What you are asked to do: Starting at the line with "Itxura zoragarria zuen" and ending at the line with "Фото вихованців гуртків", print exactly the lines of the entries below. Pictures do not belong in the copy.

The records:
++++
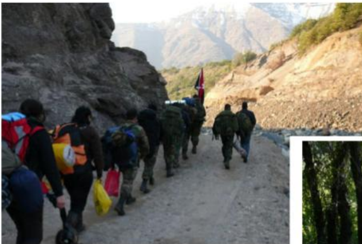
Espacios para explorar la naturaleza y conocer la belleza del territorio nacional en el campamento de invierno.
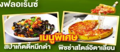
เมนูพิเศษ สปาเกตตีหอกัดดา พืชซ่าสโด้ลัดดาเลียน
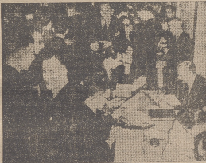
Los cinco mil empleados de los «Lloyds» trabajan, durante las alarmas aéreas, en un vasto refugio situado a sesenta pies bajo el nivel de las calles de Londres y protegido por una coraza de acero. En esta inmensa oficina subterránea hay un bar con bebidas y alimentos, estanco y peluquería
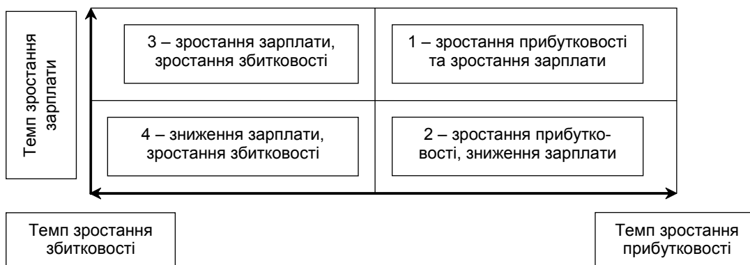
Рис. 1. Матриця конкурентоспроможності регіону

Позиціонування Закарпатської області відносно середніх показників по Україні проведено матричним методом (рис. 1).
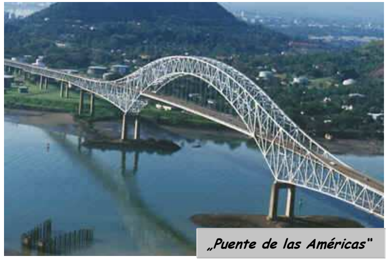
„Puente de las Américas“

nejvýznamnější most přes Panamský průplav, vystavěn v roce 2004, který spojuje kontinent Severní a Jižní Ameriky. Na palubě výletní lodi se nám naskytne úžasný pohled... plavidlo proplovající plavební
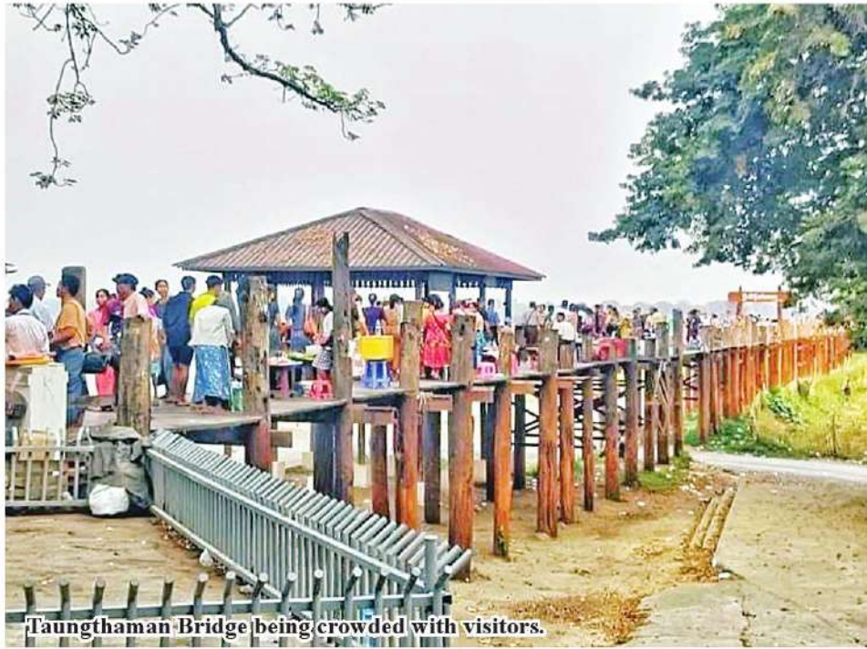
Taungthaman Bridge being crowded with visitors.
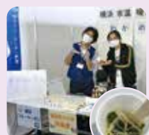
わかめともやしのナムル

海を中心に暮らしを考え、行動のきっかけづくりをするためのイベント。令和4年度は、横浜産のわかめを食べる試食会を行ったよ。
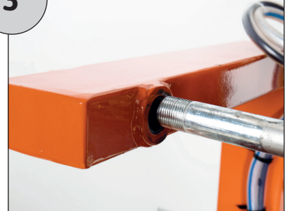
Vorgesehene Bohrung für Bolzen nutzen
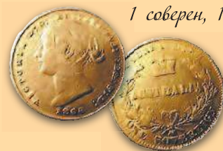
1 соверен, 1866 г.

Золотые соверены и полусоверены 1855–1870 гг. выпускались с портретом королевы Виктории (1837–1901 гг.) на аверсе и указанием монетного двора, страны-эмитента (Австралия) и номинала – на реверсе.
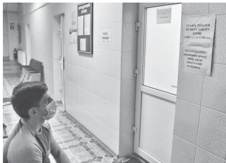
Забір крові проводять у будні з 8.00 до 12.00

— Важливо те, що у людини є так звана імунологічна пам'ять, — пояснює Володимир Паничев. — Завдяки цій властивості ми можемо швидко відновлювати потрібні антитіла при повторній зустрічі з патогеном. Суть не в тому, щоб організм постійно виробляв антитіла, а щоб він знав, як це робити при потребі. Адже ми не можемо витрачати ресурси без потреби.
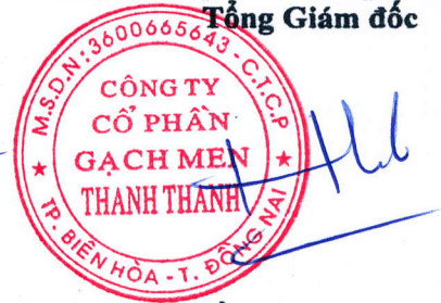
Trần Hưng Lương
++++
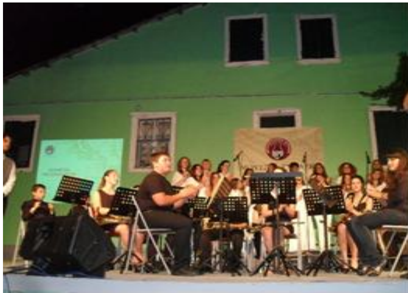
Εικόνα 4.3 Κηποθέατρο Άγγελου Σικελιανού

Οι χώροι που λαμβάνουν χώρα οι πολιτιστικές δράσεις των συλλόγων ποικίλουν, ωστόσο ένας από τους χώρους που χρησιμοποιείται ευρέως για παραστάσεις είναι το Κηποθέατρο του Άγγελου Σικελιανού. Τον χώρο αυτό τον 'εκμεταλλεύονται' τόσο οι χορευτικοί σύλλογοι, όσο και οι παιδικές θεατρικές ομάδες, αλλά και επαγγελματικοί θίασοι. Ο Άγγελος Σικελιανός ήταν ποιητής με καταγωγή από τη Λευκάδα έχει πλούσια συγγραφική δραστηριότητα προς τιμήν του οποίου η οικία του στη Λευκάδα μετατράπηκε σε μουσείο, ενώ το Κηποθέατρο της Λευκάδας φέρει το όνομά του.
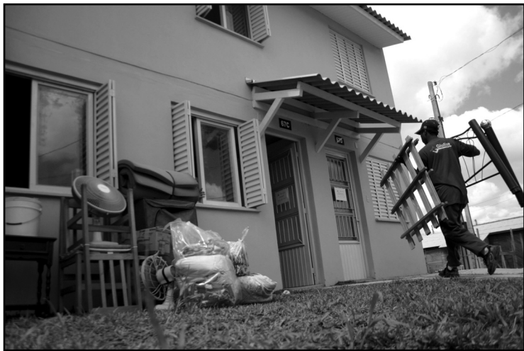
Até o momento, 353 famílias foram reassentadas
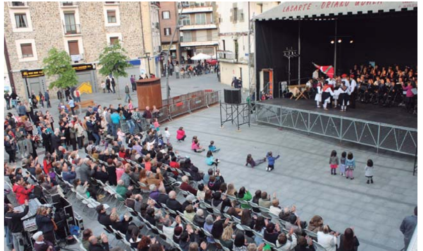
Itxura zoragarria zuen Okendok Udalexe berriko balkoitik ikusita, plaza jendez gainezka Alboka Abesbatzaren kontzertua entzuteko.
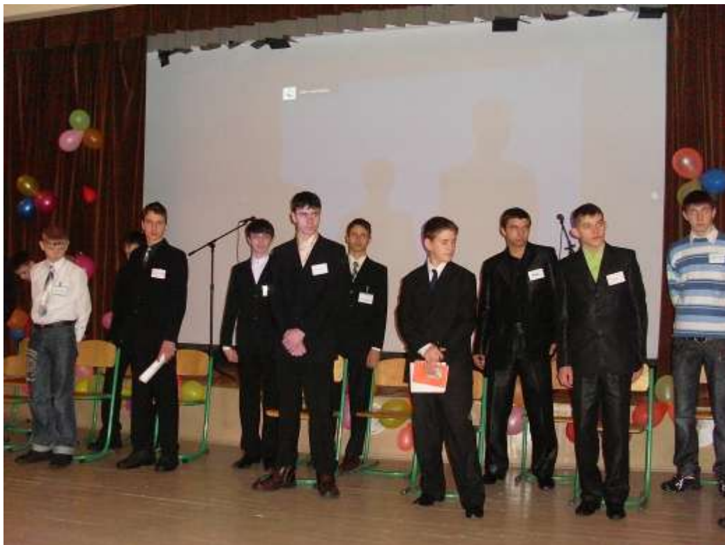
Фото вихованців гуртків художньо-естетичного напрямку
++++
Result for this exercise:
Itxura zoragarria zuen Okendok Udalexe berriko balkoitik ikusita, plaza jendez gainezka Alboka Abesbatzaren kontzertua entzuteko.
Фото вихованців гуртків художньо-естетичного напрямку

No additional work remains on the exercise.